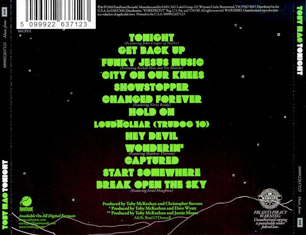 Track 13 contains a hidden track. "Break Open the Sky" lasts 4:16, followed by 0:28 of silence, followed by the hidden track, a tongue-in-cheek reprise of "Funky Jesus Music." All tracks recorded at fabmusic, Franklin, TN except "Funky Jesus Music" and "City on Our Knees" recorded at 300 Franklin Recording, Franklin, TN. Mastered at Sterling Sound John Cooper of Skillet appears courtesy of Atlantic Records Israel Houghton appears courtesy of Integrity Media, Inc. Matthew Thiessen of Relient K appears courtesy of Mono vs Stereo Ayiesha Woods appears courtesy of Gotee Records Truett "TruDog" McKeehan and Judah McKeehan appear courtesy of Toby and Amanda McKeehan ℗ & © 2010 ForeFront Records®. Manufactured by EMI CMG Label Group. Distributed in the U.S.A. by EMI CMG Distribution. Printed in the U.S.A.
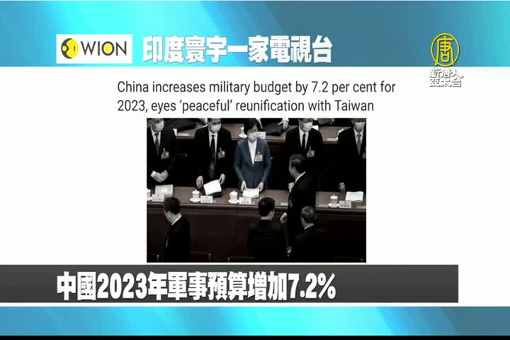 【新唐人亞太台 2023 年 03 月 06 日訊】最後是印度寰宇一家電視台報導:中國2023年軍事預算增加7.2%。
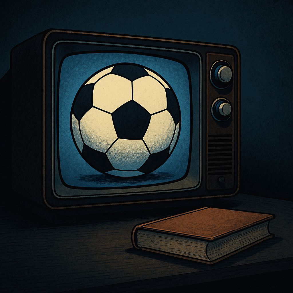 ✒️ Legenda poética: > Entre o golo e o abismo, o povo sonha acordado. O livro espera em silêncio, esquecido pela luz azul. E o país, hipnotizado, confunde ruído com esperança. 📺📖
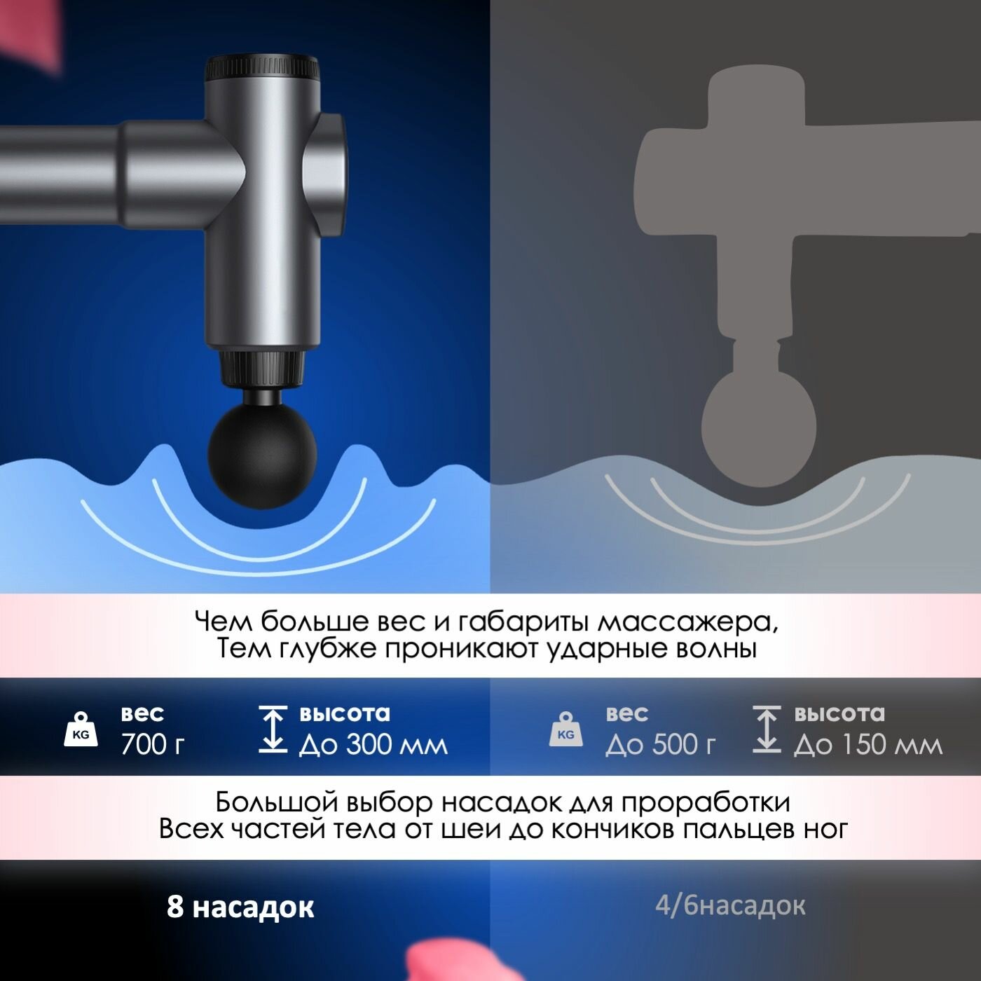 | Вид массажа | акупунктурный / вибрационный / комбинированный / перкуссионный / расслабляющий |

....................

A word-for-word restatement of all the lines above is needed, with the pictures omitted.

 Track 13 contains a hidden track. "Break Open the Sky" lasts 4:16, followed by 0:28 of silence, followed by the hidden track, a tongue-in-cheek reprise of "Funky Jesus Music." All tracks recorded at fabmusic, Franklin, TN except "Funky Jesus Music" and "City on Our Knees" recorded at 300 Franklin Recording, Franklin, TN. Mastered at Sterling Sound John Cooper of Skillet appears courtesy of Atlantic Records Israel Houghton appears courtesy of Integrity Media, Inc. Matthew Thiessen of Relient K appears courtesy of Mono vs Stereo Ayiesha Woods appears courtesy of Gotee Records Truett "TruDog" McKeehan and Judah McKeehan appear courtesy of Toby and Amanda McKeehan ℗ & © 2010 ForeFront Records®. Manufactured by EMI CMG Label Group. Distributed in the U.S.A. by EMI CMG Distribution. Printed in the U.S.A.
 【新唐人亞太台 2023 年 03 月 06 日訊】最後是印度寰宇一家電視台報導:中國2023年軍事預算增加7.2%。
 ✒️ Legenda poética: > Entre o golo e o abismo, o povo sonha acordado. O livro espera em silêncio, esquecido pela luz azul. E o país, hipnotizado, confunde ruído com esperança. 📺📖
 | Вид массажа | акупунктурный / вибрационный / комбинированный / перкуссионный / расслабляющий |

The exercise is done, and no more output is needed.